2022.7.18
異端の経営学者が最果てのゲイタウンで考えた「商店街活性化」の鍵
那覇都心の異界から南端のゲイタウンへ
「おばちゃんの呼び込みについて行っちゃ駄目だよ」
大満足のおでん屋さんから出たあと、酔い醒ましも兼ねて歩いて30分ほどの距離にある自宅まで帰ろうと、裏路地の奥に進み始めた私に学生は言いました。
「この辺は“出る”からね。気をつけてね」
そう言って学生は、国際通り方面に消えていきました。
出る? どういうこと? そう思いつつ歩みを進めていくと、所々で「にいさん、にいさん」と小さい呼び声が聞こえます。その先に、妖怪のように笑うオバアがスナックのドアの前に座っています。目が合うと、「30分1万円」と言って指を一本差し出しました。得も言われぬ恐怖を感じて、私は足早にその裏路地を引き返して国際通りに出て、タクシーで帰宅しました。
このおでん屋があった裏路地ですが桜町社交街といいます。沖縄では社交街と名がつく通りがいくつかあり、米軍統治下時代は歓楽街として非常に栄えていたそうです。沖縄返還後に徐々に廃れていき、私が沖縄に住んでいた2000年初めには場末のスナックと赤線地帯の名残で商売を続ける人たちが共存する、都心の異界になっていた訳です。
さて、今年の5月中旬。共同研究者の調査に同行して、私は那覇にいました。沖縄から離れた後も通い詰めていた第二の故郷と言っていい場所ですが、コロナ禍もあり3年近く足が遠のいていました。
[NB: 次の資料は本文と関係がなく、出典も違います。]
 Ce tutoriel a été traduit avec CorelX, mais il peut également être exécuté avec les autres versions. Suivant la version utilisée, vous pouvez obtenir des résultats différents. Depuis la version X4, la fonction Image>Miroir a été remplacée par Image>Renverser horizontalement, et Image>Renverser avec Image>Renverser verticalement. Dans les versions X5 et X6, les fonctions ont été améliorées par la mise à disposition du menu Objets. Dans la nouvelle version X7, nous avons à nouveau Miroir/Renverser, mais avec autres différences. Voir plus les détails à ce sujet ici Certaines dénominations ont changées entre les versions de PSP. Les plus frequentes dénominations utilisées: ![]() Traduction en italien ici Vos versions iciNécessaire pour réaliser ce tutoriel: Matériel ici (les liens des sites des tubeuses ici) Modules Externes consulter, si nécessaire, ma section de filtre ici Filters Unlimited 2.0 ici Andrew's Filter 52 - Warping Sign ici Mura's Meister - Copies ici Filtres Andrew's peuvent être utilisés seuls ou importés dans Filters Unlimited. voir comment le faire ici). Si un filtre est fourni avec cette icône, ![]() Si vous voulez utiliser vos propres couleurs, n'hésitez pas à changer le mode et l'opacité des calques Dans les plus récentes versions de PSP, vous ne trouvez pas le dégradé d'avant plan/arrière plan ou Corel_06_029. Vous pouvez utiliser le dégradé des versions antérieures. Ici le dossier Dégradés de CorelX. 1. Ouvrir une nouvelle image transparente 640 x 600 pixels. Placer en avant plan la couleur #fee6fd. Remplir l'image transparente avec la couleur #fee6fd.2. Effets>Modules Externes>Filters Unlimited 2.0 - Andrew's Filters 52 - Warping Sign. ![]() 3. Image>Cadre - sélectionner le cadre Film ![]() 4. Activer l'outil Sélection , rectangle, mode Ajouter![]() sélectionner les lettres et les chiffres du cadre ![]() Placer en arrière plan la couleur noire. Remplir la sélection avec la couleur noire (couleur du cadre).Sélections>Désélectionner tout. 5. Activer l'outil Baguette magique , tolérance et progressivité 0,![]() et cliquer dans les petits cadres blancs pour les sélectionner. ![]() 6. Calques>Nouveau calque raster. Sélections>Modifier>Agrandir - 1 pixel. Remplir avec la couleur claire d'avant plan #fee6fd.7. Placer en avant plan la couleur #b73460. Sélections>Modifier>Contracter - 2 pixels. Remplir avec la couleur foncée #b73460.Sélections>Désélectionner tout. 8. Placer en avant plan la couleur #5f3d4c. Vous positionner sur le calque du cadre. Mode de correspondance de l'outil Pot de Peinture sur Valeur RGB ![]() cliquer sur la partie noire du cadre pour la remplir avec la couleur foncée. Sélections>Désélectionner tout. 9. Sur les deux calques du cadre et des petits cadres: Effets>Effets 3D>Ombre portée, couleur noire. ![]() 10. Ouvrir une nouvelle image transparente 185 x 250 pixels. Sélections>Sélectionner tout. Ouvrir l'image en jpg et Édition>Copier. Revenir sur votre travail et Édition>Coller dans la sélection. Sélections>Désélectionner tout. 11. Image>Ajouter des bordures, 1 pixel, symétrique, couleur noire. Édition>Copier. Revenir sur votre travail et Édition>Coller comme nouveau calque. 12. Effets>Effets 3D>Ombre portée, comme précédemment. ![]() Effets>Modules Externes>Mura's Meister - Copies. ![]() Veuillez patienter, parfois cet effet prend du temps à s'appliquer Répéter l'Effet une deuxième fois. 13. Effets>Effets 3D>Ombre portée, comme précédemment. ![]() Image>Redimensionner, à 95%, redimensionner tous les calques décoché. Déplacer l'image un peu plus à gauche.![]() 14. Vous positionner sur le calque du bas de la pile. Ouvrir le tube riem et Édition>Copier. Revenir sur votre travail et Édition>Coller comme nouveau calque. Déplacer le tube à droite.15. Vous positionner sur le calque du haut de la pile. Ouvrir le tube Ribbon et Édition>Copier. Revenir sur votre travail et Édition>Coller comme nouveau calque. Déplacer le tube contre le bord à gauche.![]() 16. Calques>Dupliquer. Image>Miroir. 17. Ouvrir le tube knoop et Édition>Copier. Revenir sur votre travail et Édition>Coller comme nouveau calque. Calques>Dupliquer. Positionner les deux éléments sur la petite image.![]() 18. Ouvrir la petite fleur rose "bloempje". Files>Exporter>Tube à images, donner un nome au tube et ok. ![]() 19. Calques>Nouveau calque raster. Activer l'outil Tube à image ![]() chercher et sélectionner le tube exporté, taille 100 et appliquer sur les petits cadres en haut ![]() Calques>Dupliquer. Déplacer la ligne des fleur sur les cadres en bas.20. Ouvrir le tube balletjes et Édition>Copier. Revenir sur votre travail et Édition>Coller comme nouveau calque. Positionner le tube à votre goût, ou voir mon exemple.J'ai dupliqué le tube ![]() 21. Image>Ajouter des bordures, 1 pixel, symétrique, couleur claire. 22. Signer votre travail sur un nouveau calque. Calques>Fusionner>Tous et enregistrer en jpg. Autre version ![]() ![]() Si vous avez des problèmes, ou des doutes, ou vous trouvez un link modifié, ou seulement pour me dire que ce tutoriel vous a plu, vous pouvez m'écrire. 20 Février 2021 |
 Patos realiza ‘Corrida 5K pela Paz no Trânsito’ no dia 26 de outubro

残念ながら運悪く那覇空港に着くと同時に梅雨入りしてしまい、全日程で雨に見舞われていました。
先に本土にもどった共同研究者と別れて那覇のホテルに滞在中、ふと「桜坂のおでん屋」を思い出しました。5月の沖縄にしては珍しく半袖だと寒いし、滞在先のホテルから歩いて10分ほどなので丁度よいと、足早に桜坂に向かいました。記憶を辿ってたどり着いたおでん屋さんは、女将さんが亡くなったらしく、残念ながら閉店していました。
ただ、その悲しみより大きな驚きがありました。桜町社交街の「異界感」が大幅に薄れてしまっていたことです。ここ数年の間に、ハイアットリージェンシーをはじめ、大型観光ホテルが出来て人の流れが変わったこともありますが、かつて怪しいスナックが並んでいた通りが、オシャレなカフェやバー、料理店に入れ替わり、観光客や若者が集まる場所に変わっていたのです。
ただ、異界感が薄れただけで、なんとも言えない違和感を、私は肌感覚で感じはじめていました。どの程度この通りが変わったのかを確かめようと歩いていると、なんとなくすれ違う人からの視線を感じます。なんか、さっきから男の人としかすれ違っていないような……さっきから「会員制」と書いてあるバーが多いような……。
スマホで店舗情報を確認してみると、「会員制」と書かれているお店は全てゲイバーでした。一帯を歩いて確認した所、30軒ほどのお店を確認することが出来ます。沖縄返還50年を迎えて、かつて米兵と沖縄女性の悲喜こもごもが繰り広げられた社交街は、ゲイタウンを中心とした若者が集まる街として再生していたのです。